### WHAT THE EXERCISE ASKS
Please repeat the whole listing exactly, but leave the pictures out.

### GIVEN DATA
┄┄┄┄┄┄

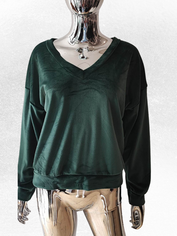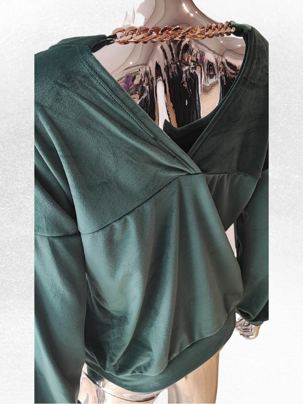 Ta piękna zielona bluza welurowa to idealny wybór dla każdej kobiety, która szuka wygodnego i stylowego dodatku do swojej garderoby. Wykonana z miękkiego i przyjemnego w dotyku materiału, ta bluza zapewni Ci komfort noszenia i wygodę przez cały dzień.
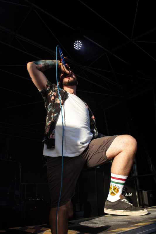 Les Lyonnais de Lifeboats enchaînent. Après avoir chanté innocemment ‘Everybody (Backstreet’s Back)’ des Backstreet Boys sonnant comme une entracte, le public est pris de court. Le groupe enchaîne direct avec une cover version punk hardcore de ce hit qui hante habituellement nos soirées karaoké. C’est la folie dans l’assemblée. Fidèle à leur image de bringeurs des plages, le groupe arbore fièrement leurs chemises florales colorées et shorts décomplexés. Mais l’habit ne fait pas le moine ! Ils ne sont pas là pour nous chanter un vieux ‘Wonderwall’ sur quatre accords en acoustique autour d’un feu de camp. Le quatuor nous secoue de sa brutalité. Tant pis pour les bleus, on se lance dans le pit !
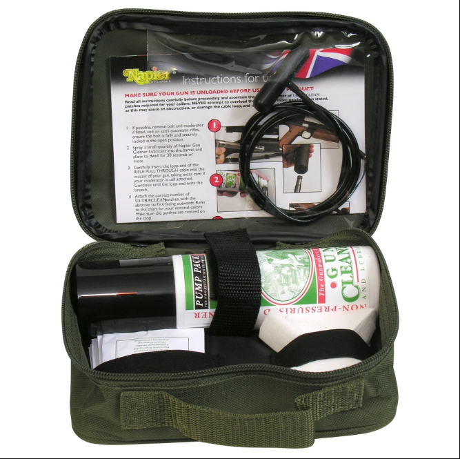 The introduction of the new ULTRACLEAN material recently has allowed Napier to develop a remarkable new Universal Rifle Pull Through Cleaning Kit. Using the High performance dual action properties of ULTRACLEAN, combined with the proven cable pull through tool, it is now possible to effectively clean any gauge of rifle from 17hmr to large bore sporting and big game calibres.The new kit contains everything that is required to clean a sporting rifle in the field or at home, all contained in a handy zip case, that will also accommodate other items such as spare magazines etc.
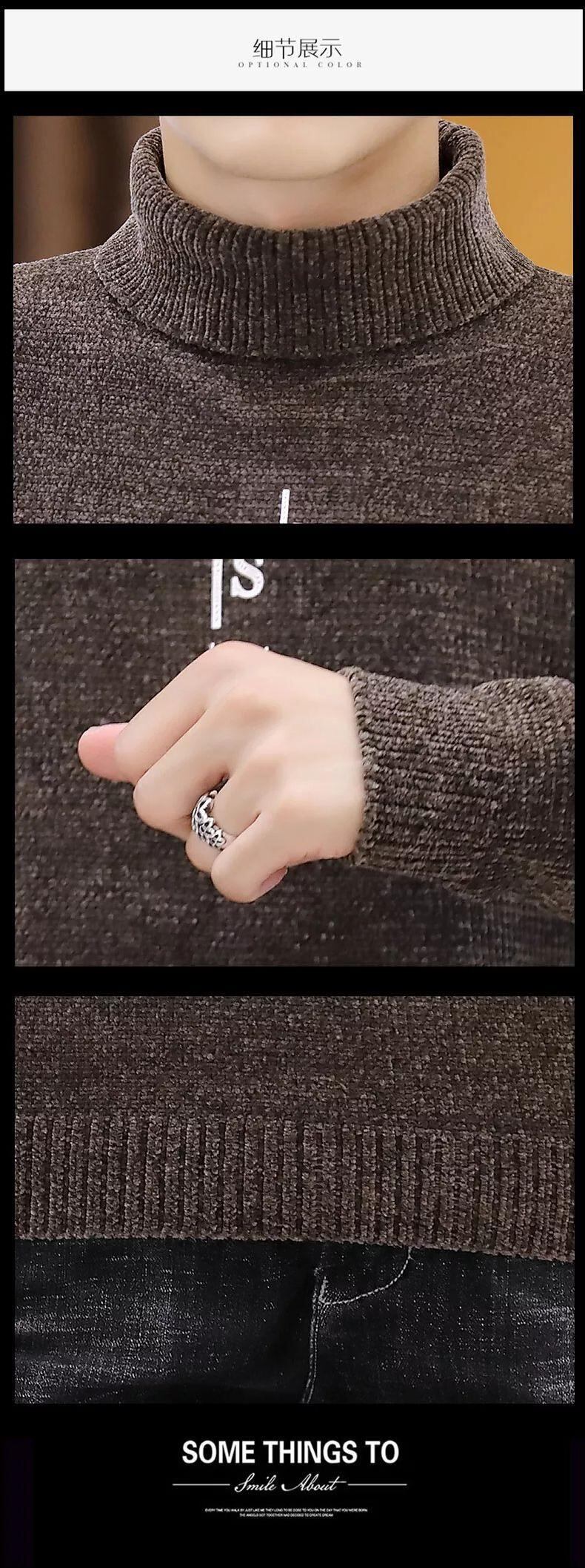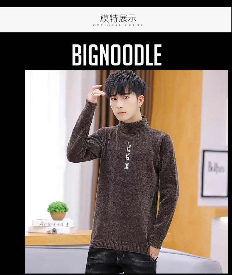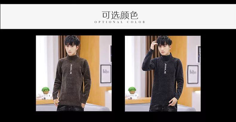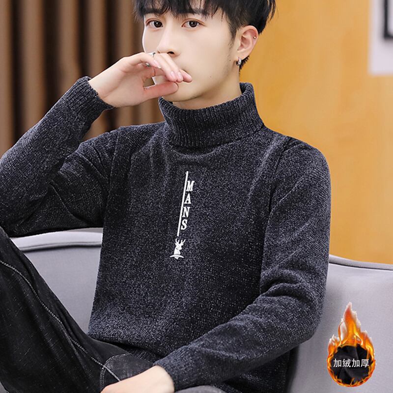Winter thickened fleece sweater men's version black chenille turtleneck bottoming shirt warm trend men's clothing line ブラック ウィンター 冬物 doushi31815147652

┄┄┄┄┄┄

### RESPONSE TO THE TASK
 Ta piękna zielona bluza welurowa to idealny wybór dla każdej kobiety, która szuka wygodnego i stylowego dodatku do swojej garderoby. Wykonana z miękkiego i przyjemnego w dotyku materiału, ta bluza zapewni Ci komfort noszenia i wygodę przez cały dzień.
 Les Lyonnais de Lifeboats enchaînent. Après avoir chanté innocemment ‘Everybody (Backstreet’s Back)’ des Backstreet Boys sonnant comme une entracte, le public est pris de court. Le groupe enchaîne direct avec une cover version punk hardcore de ce hit qui hante habituellement nos soirées karaoké. C’est la folie dans l’assemblée. Fidèle à leur image de bringeurs des plages, le groupe arbore fièrement leurs chemises florales colorées et shorts décomplexés. Mais l’habit ne fait pas le moine ! Ils ne sont pas là pour nous chanter un vieux ‘Wonderwall’ sur quatre accords en acoustique autour d’un feu de camp. Le quatuor nous secoue de sa brutalité. Tant pis pour les bleus, on se lance dans le pit !
 The introduction of the new ULTRACLEAN material recently has allowed Napier to develop a remarkable new Universal Rifle Pull Through Cleaning Kit. Using the High performance dual action properties of ULTRACLEAN, combined with the proven cable pull through tool, it is now possible to effectively clean any gauge of rifle from 17hmr to large bore sporting and big game calibres.The new kit contains everything that is required to clean a sporting rifle in the field or at home, all contained in a handy zip case, that will also accommodate other items such as spare magazines etc.
Winter thickened fleece sweater men's version black chenille turtleneck bottoming shirt warm trend men's clothing line ブラック ウィンター 冬物 doushi31815147652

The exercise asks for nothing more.